It came to me with good intentions. The best of intentions, actually. And love. Lots of love. It's not the sender I blame; they were just passing on a message, and clearing some clutter off the kitchen table. No, it's the writer. The anonymous writer. Who could this person be? What sort of life and experiences have they had? But most importantly, what were they thinking when they composed 'A Prayer For Those Who Live Alone'?!
At first, it was amusing. Then, insulting. Then assaulting. Who does this guy (likely) think he is?! Has he ever lived alone? If so, what was so terrible about the experience that it required writing a prayer for those in the situation? An informal poll conducted amongst some of my (single) girlfriends revealed a consensus that the prayer should have been written for those that live with someone, not those living alone (surprising?), for their job is far more difficult. There are challenges to both living situations, and as a person who has lived both, I can assure you that living alone isn't a scary situation in need of a special prayer. It's freedom. It's liberation. Or is this just me trying to justify my lonely existence?! Maybe.

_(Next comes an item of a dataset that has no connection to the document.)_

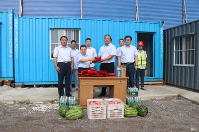 上午8點(diǎn),公司滿(mǎn)載茶葉、西瓜、蘋(píng)果、花露水等慰問(wèn)品的商務(wù)車(chē)緩緩開(kāi)進(jìn)職工生活區,李懷生一邊給職工發(fā)放慰問(wèn)品一邊關(guān)心地詢(xún)問(wèn)他們的生活和工作情況,并叮囑他們有困難和問(wèn)題及時(shí)向項目部反映,還要求項目部一定要做好職工的后勤保障,讓大家消除后顧之憂(yōu)。

So in the end, I suppose I will just take the prayer in the spirit it was sent to me: that it's nice to know God is looking out for me (no matter what my living situation may be!).

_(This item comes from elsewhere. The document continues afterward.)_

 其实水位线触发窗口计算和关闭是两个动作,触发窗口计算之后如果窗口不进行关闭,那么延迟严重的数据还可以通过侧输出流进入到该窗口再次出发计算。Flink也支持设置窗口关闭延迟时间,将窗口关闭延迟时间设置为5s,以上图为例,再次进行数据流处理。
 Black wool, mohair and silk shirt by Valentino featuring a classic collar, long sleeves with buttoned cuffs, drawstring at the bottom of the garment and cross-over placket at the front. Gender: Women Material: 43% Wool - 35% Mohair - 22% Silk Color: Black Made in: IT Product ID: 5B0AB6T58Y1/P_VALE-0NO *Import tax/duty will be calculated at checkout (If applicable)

And so without further ado, I present the (highly anticipated, I'm sure) Prayer For Those Who Live Alone, author unknown...

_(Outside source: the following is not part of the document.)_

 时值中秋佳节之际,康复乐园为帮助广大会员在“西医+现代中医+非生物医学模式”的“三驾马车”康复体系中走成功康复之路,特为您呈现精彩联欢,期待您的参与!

I live alone, dear Lord, stay by my side. In all my daily needs, be Thou my guide. Grant me good health, for that indeed, I pray, to carry on my work from day to day. Keep pure my mind, my thoughts, my every deed. Let me be kind, unselfish in my neighbor's need. Spare me from fire, from flood, malicious tongues. From thieves, from fear, and evil ones. If sickness or accident befall, then humbly, Lord I pray, hear Thou my call. And when I'm feeling low or in despair, lift up my heart and help me in prayer. I live alone, dear Lord, yet have no fear, because I feel Your presence ever near. Amen
With head bowed and hands clasped in prayer, I cross #167 off my list: debunk the myth living alone requires a special prayer.